Незнакомка лишь на мгновение задержалась в дверях, окинула взглядом зал, затем слегка качнула головой, как будто что-то одобрила и, неторопливо, но уверенно, двинулась в сторону хозяев дома. Со всех сторон к ней были обращены заинтересованные взгляды, но она ничуть не смущалась и лишь учтиво наклоняла хорошенькую головку в сторону особо назойливых. В руке она держала длинный янтарный мундштук и, время от времени, неторопливо подносила его к губам, чтобы потом выпустить изо рта маленькое ароматное облачко.
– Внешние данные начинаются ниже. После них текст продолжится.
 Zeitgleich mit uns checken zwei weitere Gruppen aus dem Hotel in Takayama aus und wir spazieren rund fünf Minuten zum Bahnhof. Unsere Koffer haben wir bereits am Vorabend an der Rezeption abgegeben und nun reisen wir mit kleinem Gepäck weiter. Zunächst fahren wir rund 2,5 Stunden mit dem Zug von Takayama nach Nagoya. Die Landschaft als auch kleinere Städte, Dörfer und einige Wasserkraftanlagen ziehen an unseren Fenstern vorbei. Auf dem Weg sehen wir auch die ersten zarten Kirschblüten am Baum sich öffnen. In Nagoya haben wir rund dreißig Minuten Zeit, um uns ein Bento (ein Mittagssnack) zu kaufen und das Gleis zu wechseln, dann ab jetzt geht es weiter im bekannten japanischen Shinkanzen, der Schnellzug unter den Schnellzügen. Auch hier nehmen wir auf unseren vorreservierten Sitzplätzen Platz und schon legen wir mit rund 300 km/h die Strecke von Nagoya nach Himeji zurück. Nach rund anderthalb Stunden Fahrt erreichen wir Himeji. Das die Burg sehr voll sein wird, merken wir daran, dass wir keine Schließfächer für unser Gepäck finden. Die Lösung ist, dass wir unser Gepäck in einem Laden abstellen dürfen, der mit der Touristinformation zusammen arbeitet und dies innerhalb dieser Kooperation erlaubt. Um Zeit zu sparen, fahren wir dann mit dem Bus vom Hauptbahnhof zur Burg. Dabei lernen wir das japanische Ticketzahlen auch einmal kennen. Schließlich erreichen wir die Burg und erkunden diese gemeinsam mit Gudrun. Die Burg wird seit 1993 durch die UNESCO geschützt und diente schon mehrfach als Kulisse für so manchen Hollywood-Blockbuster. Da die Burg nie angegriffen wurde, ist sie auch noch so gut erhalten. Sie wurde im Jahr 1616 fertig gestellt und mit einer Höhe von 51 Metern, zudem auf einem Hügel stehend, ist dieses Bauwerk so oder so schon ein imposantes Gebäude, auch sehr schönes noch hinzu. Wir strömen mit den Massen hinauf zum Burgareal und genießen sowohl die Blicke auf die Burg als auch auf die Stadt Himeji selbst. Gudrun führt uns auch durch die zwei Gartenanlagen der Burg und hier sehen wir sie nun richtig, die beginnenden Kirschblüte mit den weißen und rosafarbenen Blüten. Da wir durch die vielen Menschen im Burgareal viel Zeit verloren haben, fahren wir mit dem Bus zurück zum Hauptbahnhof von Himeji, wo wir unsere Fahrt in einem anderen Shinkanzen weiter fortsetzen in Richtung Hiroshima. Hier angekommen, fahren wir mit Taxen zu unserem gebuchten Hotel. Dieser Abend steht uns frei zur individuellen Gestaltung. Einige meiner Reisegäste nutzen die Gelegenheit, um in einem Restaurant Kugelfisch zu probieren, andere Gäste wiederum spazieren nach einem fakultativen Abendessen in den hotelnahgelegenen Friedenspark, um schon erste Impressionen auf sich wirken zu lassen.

Искусно сделанная роза из нежно-розового шёлка украшала узкое запястье, вместо браслета.

Она подошла к хозяевам, сделала лёгкий реверанс, улыбнулась Хозяйке и разрешила поцеловать свою ручку Хозяину. Всё это было так странно, как будто из кино или из воспоминаний наших пра-пра-пра-бабушек.

На ней был костюм а-ля Мадам де Помпадур. Нежный шёлк платья подчёркивал стройность фигуры. Белый взбитый парик и бледно-розовая бархатная маска на пол-лица, с наклеенными к прорезям ресницами, делали её образ немного кукольным. Мочки нежных ушек с розовыми хрустальными капельками зачаровывали взгляд. Плавный изгиб шеи перетекал в довольно глубокое декольте, украшенное кружевами цвета бедра испуганной нимфы, которые не позволяли нескромным взглядам скользить дальше. Красивая линия подбородка и маленький ротик, похожий на трепетные лепестки роз – вот и всё, что можно было разглядеть наверняка.

Из прорези маски смотрели бездонные сверкающие глаза. Цвет их определить было невозможно. Во-первых, из-за приглушённого освещения, во-вторых, из-за довольно специфической формы самой маски. Под ней могла скрываться как восточная красавица, так и сумасбродная европейка. Лицо и плечи были сильно напудрены и бледны до крайности. Весь образ чаровницы казался несколько бестелесным. Светло-голубой шёлк и пена кружев превращали её в некое облако, которое скользило среди изумлённых гостей и жило какой-то своей собственной жизнью, в своей загадочной стихии. Её, казалось, несколько забавляло такое внимание, но на все попытки ухаживаний лишь улыбалась и качала головой. У неё не было ни единого свободного танца, если только она сама не желала сделать передышку. Её маленькие ножки в атласных туфельках мелькали, то в вальсе, то в современном танце, но в любом случае, её движения были настолько грациозны, насколько они могут быть у истинной женщины, знающей себе цену. Как у королевы, уверенной в том, что она здесь единственная и неповторимая, что любое её желание, любой каприз бросятся исполнять с подобострастием и рабским удовольствием. И нет ей в данном случае равных, ни по силе власти, ни по красоте.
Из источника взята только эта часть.